▶ **Work request**
Print every record exactly as it appears. Leave the pictures out.

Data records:
------

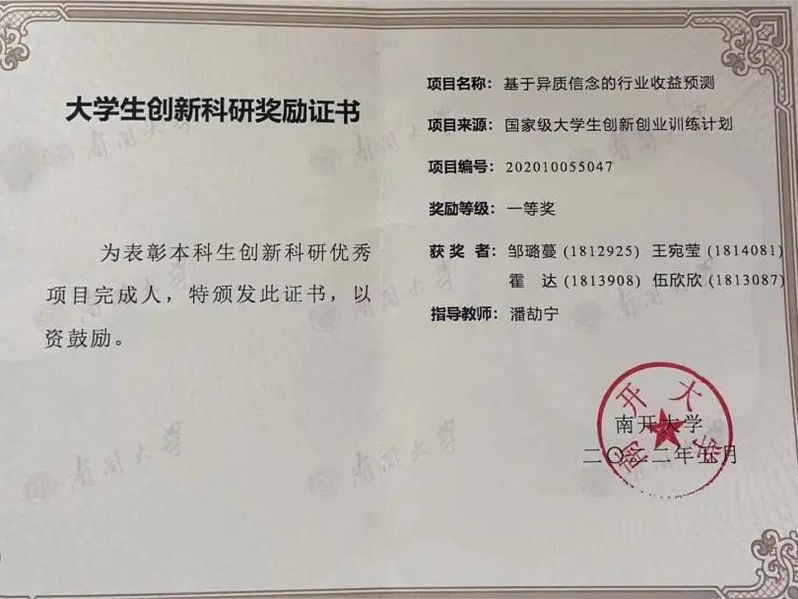 四年来,2018级金融国际学术精英特色班员工取得了丰硕的成果,同学们的学习成绩优异,共有40人次获得国家奖学金、国家励志奖学金等各类奖学金;12名员工获得推免资格。在科研创新方面,共有25人次参与省部级及以上学科竞赛,7人次参与创新创业项目并获奖;26人次参与国项、市创、百项等科研训练项目,多项目获评优秀;完成学术论文近20余篇,近20人承担国际及国内、校内及校外科研项目助研工作,并有多人参与哈佛大学、麻省理工等知名高校的国际交流项目。
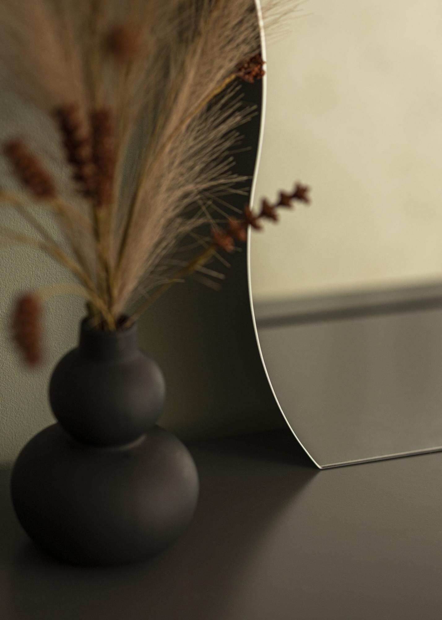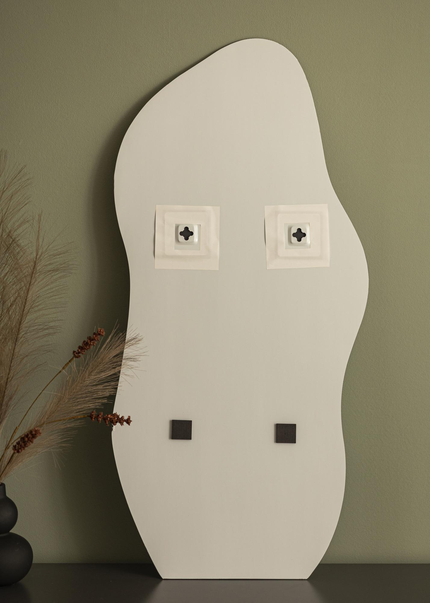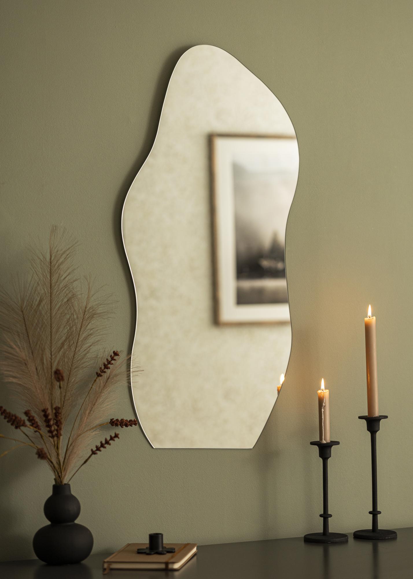 Dit is een wandspiegel in een trendy design, met zijkanten die zachte golvende vorm hebben. De onderkant is recht, wat de spiegel extra elegant maakt om boven een meubelstuk te hangen, waarbij de onderkant van de spiegel een parallelle lijn vormt met de bovenkant van het dressoir of de bijzettafel. De spiegel heeft wandbevestiging aan de achterkant en wordt staand aan de muur opgehangen.
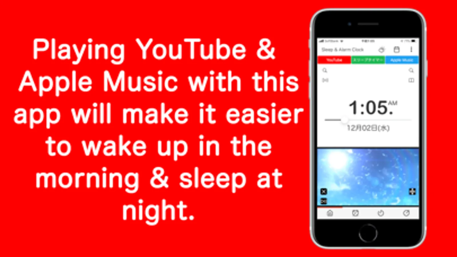 This is an alarm clock app that can use YouTube, Apple Music, and recorded audio as alarms and timers. It also supports fade-in and shuffle playback, so you can wake up comfortably with fresh music every day.
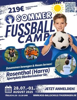 | • | vom 28.07.2025 bis 01.08.2025 im Sportpark Harra für Kinder im Alter von 6 bis 14 Jahren |
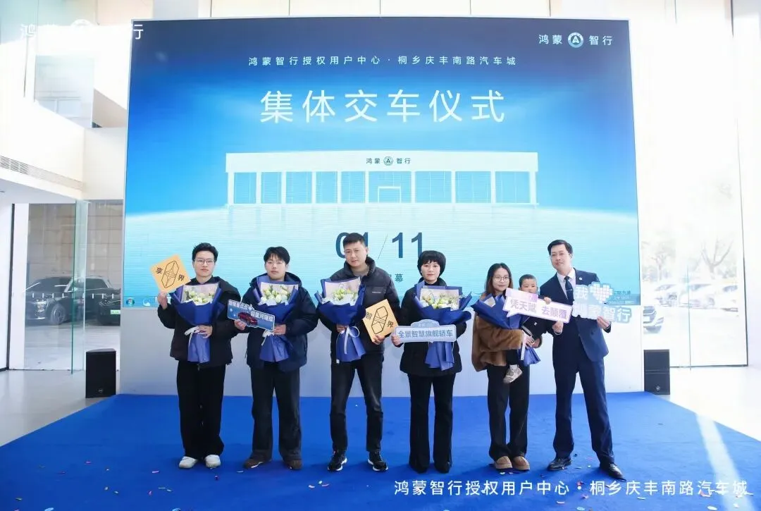 5位首批车主作为“鸿蒙智行生态首批见证者”登台。鸿蒙智行以“人-车-生活”全场景智慧生态为核心理念,集体交车仪式不仅是车辆交付的物理动作,更是品牌、店端与用户、智慧出行愿景与现实场景的深度联结。
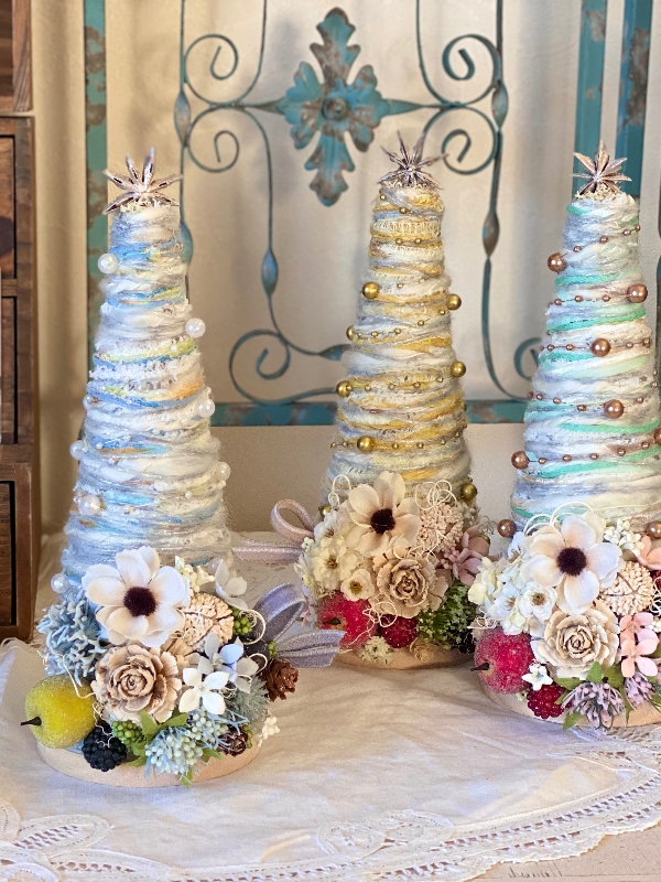 木の実等をグルーで付けただけですが、聖夜を華やかに演出してくれます。
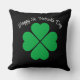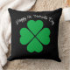 Das in schwarz gehaltene Kissen mit Kleeblatt passt perfekt zum St. Patrick's Day. Passen Sie dieses Objekt an oder kaufen Sie, wie es ist. Börsenbild vecteezy.com
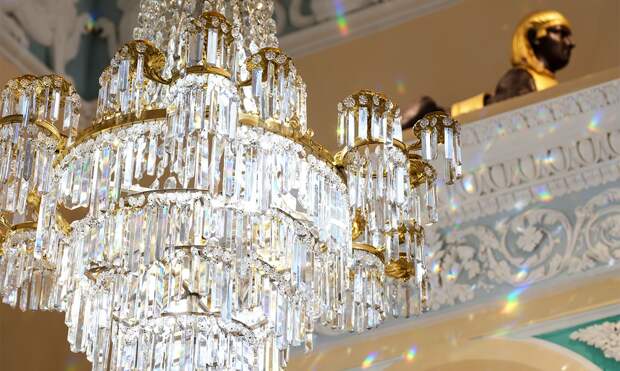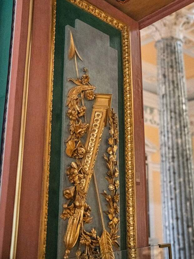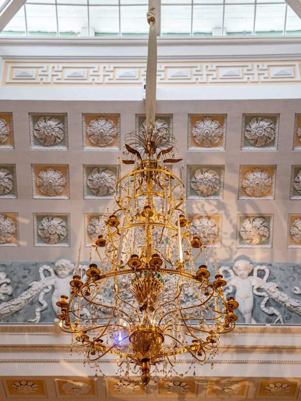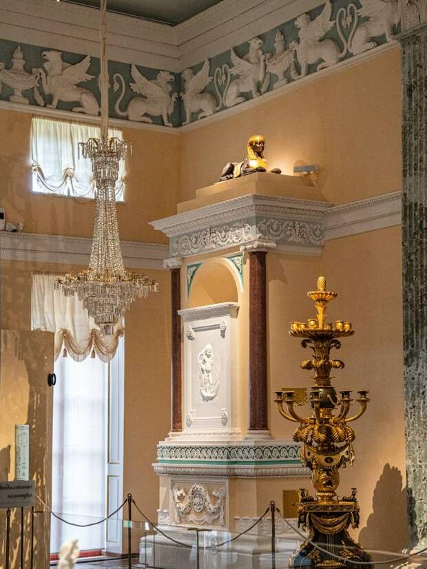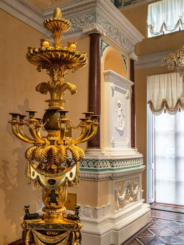 Здесь же располагаются золоченные торшеры и вазы-светильники, изготовленные в мастерской Павла Споля. Не менее прекрасны печи, украшенные колоннами и барельефами с ангелочками путти.
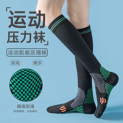 肌能压缩袜子女运动压力小腿袜专业跑步跳绳冬季长筒袜健身篮球男
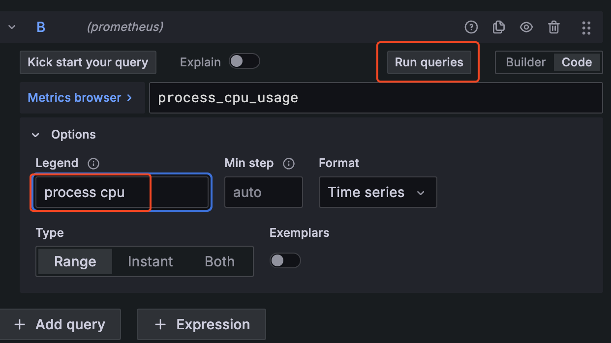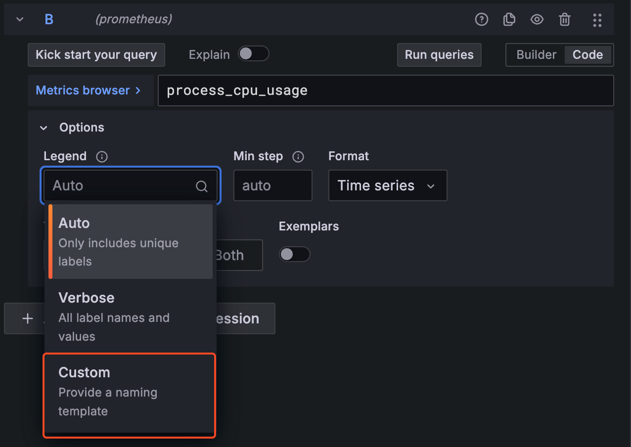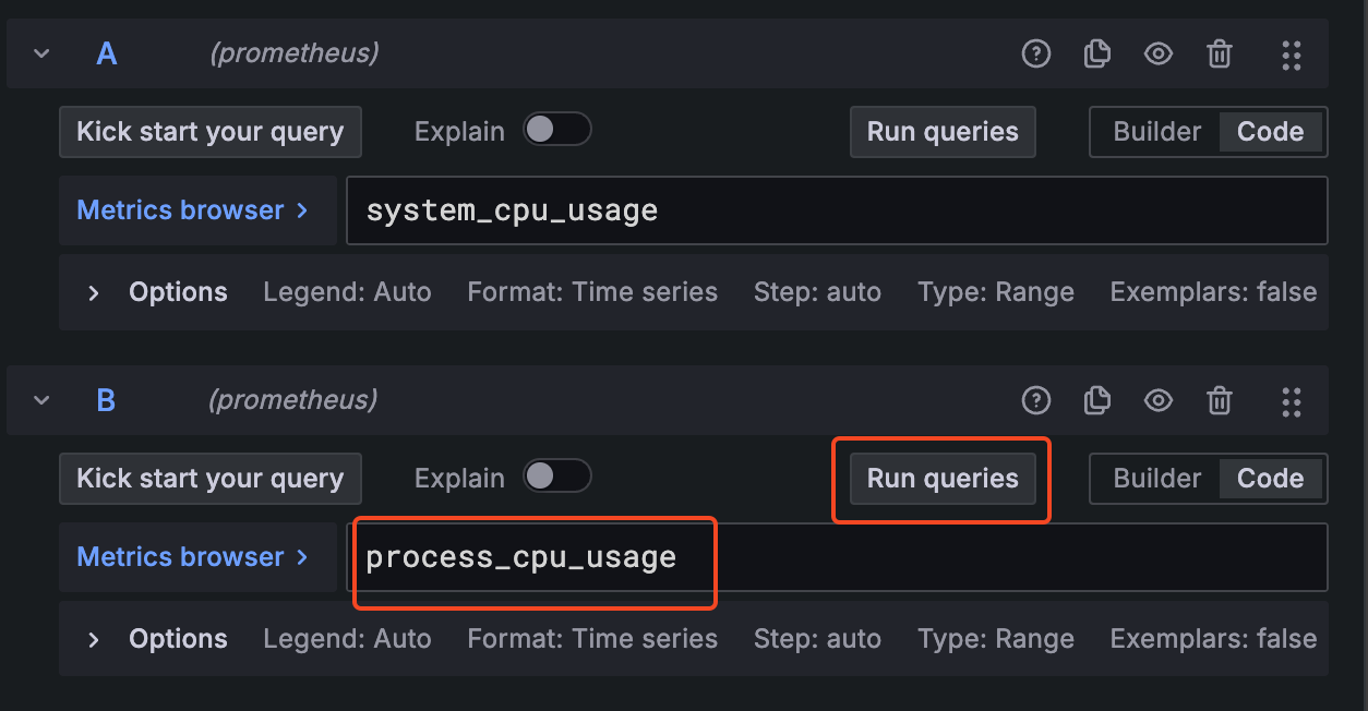 예) topk(3, http_server_requests_seconds_count) : 상위 3개 메트릭 조회
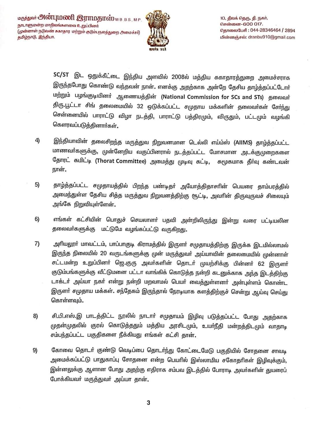 இந்த நிலையில் சூர்யாவுக்கு ஆதரவளிக்கும் வகையில் பாரதிராஜா ஒரு நீண்ட அறிக்கை ஒன்றை வெளியிட்டு இருந்த நிலையில் அந்த அறிக்கைக்கு பதில் அளிக்கும் வகையில் அன்புமணி ராமதாஸ் 4 பக்கத்திற்கு அறிக்கை ஒன்றை வெளியிட்டுள்ளார்.

------

▶ **Task solution**
 四年来,2018级金融国际学术精英特色班员工取得了丰硕的成果,同学们的学习成绩优异,共有40人次获得国家奖学金、国家励志奖学金等各类奖学金;12名员工获得推免资格。在科研创新方面,共有25人次参与省部级及以上学科竞赛,7人次参与创新创业项目并获奖;26人次参与国项、市创、百项等科研训练项目,多项目获评优秀;完成学术论文近20余篇,近20人承担国际及国内、校内及校外科研项目助研工作,并有多人参与哈佛大学、麻省理工等知名高校的国际交流项目。
 Dit is een wandspiegel in een trendy design, met zijkanten die zachte golvende vorm hebben. De onderkant is recht, wat de spiegel extra elegant maakt om boven een meubelstuk te hangen, waarbij de onderkant van de spiegel een parallelle lijn vormt met de bovenkant van het dressoir of de bijzettafel. De spiegel heeft wandbevestiging aan de achterkant en wordt staand aan de muur opgehangen.
 This is an alarm clock app that can use YouTube, Apple Music, and recorded audio as alarms and timers. It also supports fade-in and shuffle playback, so you can wake up comfortably with fresh music every day.
 | • | vom 28.07.2025 bis 01.08.2025 im Sportpark Harra für Kinder im Alter von 6 bis 14 Jahren |
 5位首批车主作为“鸿蒙智行生态首批见证者”登台。鸿蒙智行以“人-车-生活”全场景智慧生态为核心理念,集体交车仪式不仅是车辆交付的物理动作,更是品牌、店端与用户、智慧出行愿景与现实场景的深度联结。
 木の実等をグルーで付けただけですが、聖夜を華やかに演出してくれます。
 Das in schwarz gehaltene Kissen mit Kleeblatt passt perfekt zum St. Patrick's Day. Passen Sie dieses Objekt an oder kaufen Sie, wie es ist. Börsenbild vecteezy.com
 Здесь же располагаются золоченные торшеры и вазы-светильники, изготовленные в мастерской Павла Споля. Не менее прекрасны печи, украшенные колоннами и барельефами с ангелочками путти.
 肌能压缩袜子女运动压力小腿袜专业跑步跳绳冬季长筒袜健身篮球男
 예) topk(3, http_server_requests_seconds_count) : 상위 3개 메트릭 조회
 இந்த நிலையில் சூர்யாவுக்கு ஆதரவளிக்கும் வகையில் பாரதிராஜா ஒரு நீண்ட அறிக்கை ஒன்றை வெளியிட்டு இருந்த நிலையில் அந்த அறிக்கைக்கு பதில் அளிக்கும் வகையில் அன்புமணி ராமதாஸ் 4 பக்கத்திற்கு அறிக்கை ஒன்றை வெளியிட்டுள்ளார்.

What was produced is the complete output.